Lambda functions in PySpark work largely the same as in regular python, but since we are generally passing them into Spark functions we need to be careful to understand what inputs Spark is going to pass into the lambda function are. Let's use the `reduceByKey` and `map` methods as examples to illustrate this.
<br>
<br>
`reduceByKey` operates on pair RDDs which by definition contain tuples of (key,value). This means we always know it will be a 2-tuple (think MRJob inputs and outputs). This means that `reduceByKey` can use a unique lambda format that you see in the lecture slides: `.reduceByKey(lambda a, v: a + v)` where `a` is the accumulator and `v` is the value being added to that accumulator.
<br>
<br>
`map` on the other hand can be used anywhere, so how can Spark know in advance what will be contained in the underlying RDD? Short version: it can't. The result is that if you try to do something like `.map(lambda x, y: y)` instead of `.map(lambda x: x[1])` you will get an error even though it sure feels like it should work. However, can you do this: `.map(lambda (x,y): y)` ?
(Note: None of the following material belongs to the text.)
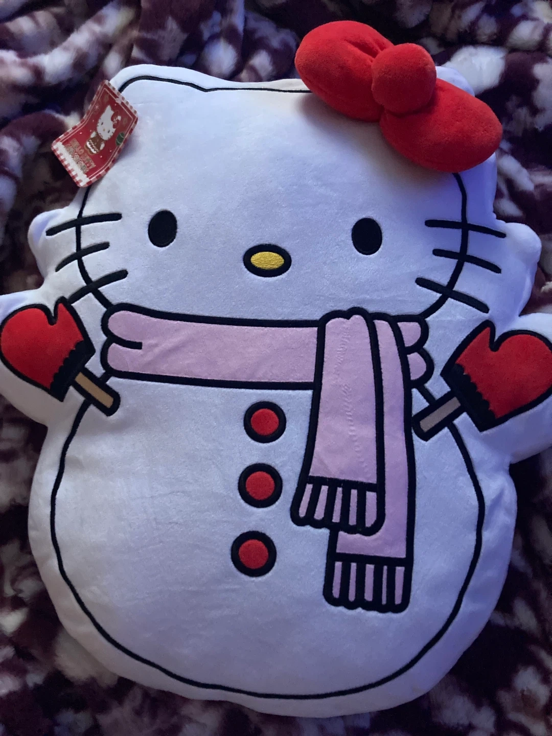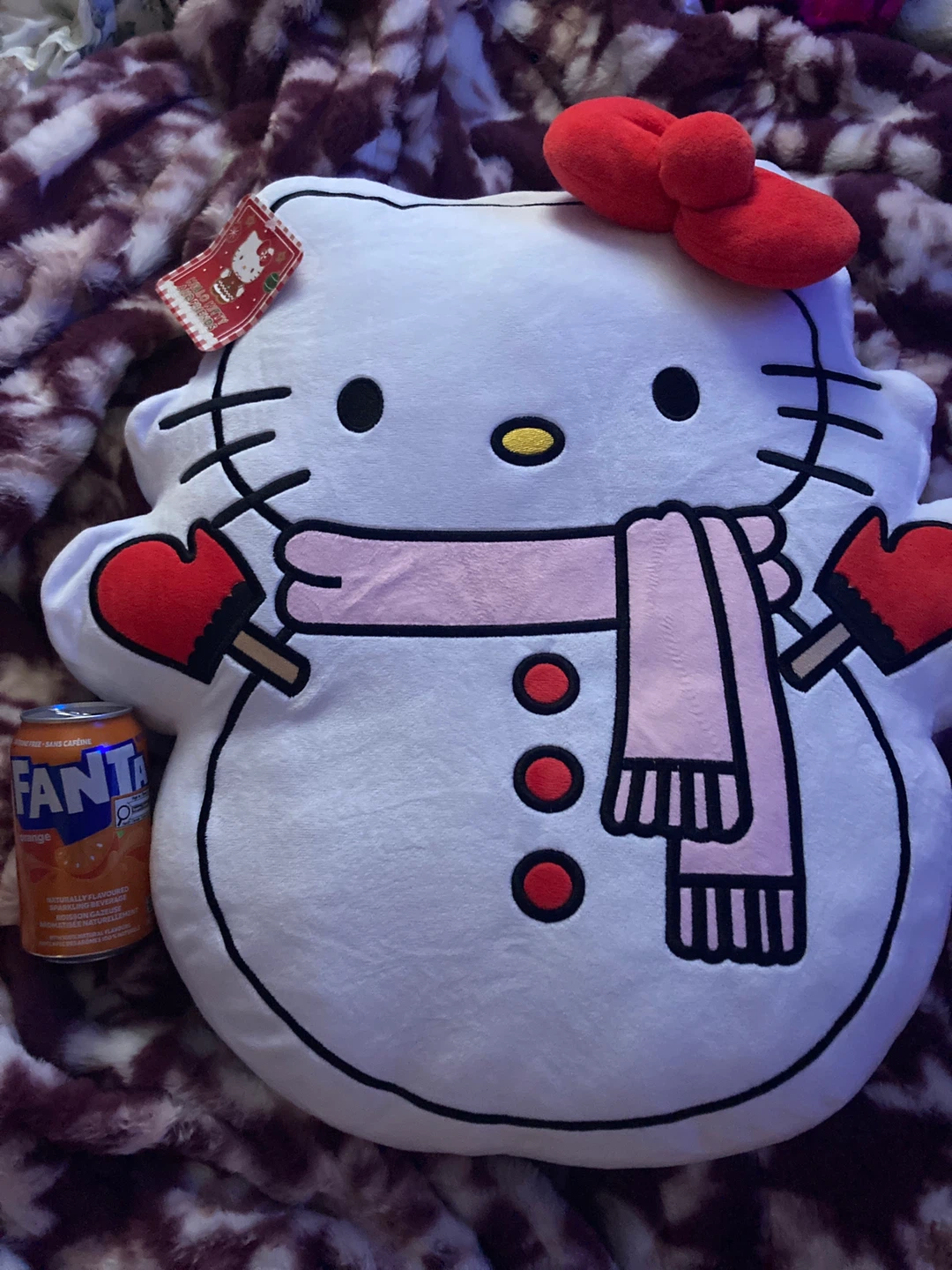 Selling a super cute Hello Kitty snowman plush! It's brand new with tags and ready to bring some winter cheer. Perfect for any Hello Kitty fan! Here is a representation of how big it is compared to a Fanta can!

Here is a quick table of some of the common PySpark methods for your reference:

| **Method**           | **Input Function** | **What It Operates On**                      | **Example**                     |
|-----------------------|--------------------|----------------------------------------------|----------------------------------|
| `.map`               | `lambda x`        | Each element in the RDD                      | `lambda x: x[1]` (extract index)|
| `.flatMap`           | `lambda x`        | Each element in the RDD, but returns multiple elements | `lambda x: x.split()` |
| `.filter`            | `lambda x`        | Each element in the RDD (returns `True/False`) | `lambda x: x > 5`              |
| `.reduceByKey`       | `lambda a, b`     | Values grouped by key                        | `lambda a, b: a + b`            |
| `.groupByKey`        | `lambda x`        | Groups all values for a key (not a reduction) | `lambda x: x[1]`                |
| `.sortBy`            | `lambda x`        | A key for sorting                            | `lambda x: x[1]` (sort by index)|
| `.keyBy`             | `lambda x`        | Turns elements into key-value pairs          | `lambda x: x[0]`                |